A screenshot of the GarageBand Flash player, about to be discussed

Well. About that. GarageBand has this nifty Flash player thing going, which is very cool, except for when you’re using Firefox: every time I have it running whilst trying to do anything in the background (that is, within Firefox, in another tab or something), the audio buffer dies until whatever I’m doing in the background has started to render (or maybe resolved a host, or something… whatever).

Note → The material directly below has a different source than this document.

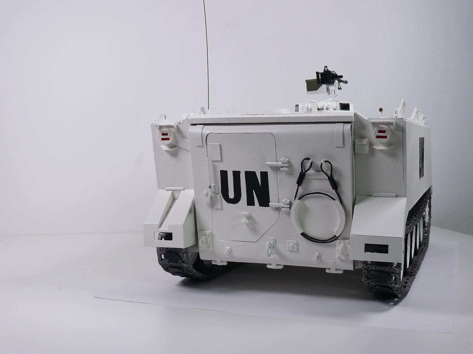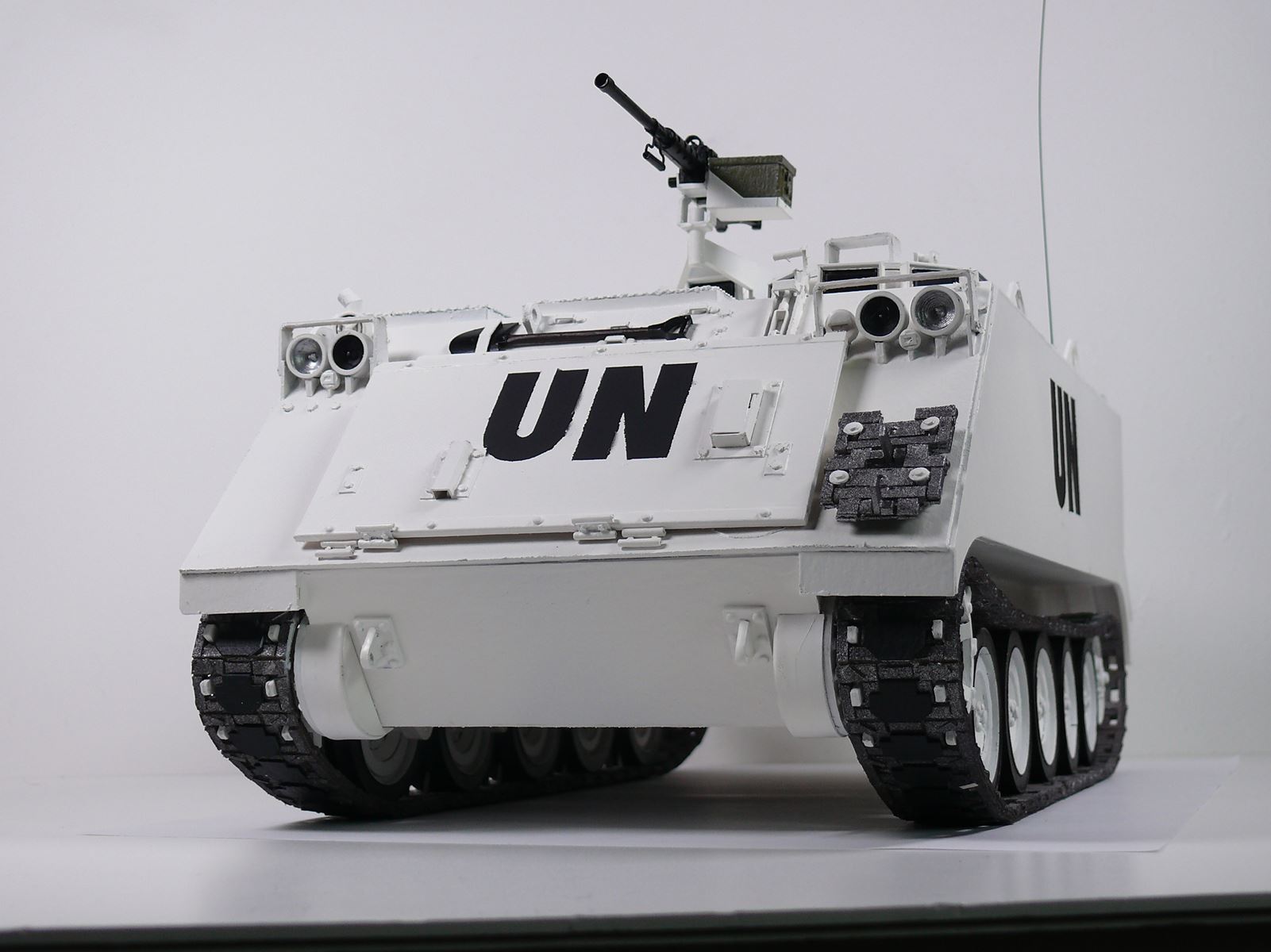 N'ayant qu'une confiance limitée sur la tenue dans le temps d'un angle formé par un morceau de carton simplement plié et jugeant la confection de la protection de la coupole au delà de mes capacités, je me suis rabattu sur un M113 du début du conflit équipé d'une mitrailleuse M2 sans protection et d'un canon sans recul M40a1. Ce qui donne ceci : A suivre...

Opera, on the other hand, handles this flawlessly. The window pops open, Flash loads faster (notably, using exactly the same plugin as the Mozilla family, if I recall correctly), and I can do whatever I want in the background without it skipping a beat. And that, ladies and gentlemen, is how a browser should be.

More on that Ubuntu/Firefox bug

Okay, this should hopefully be the last word from me on this. I’ve discovered there’s a bug report on this issue in Ubuntu’s Bugzilla system, which has some pretty informative comments.

I uninstalled Tabbrowser, Web Developer Toolbar and Image Zoom extensions (as well as FireFTP, but that’s just because I never use it anymore/it’s always been too clunky), then restarted Firefox — presto, the Preferences work again, as does myriad other things. I’ve reinstalled the Web Developer Toolbar extension as well as Image Zoom, and restarted, and now everything appears to be working as normal again.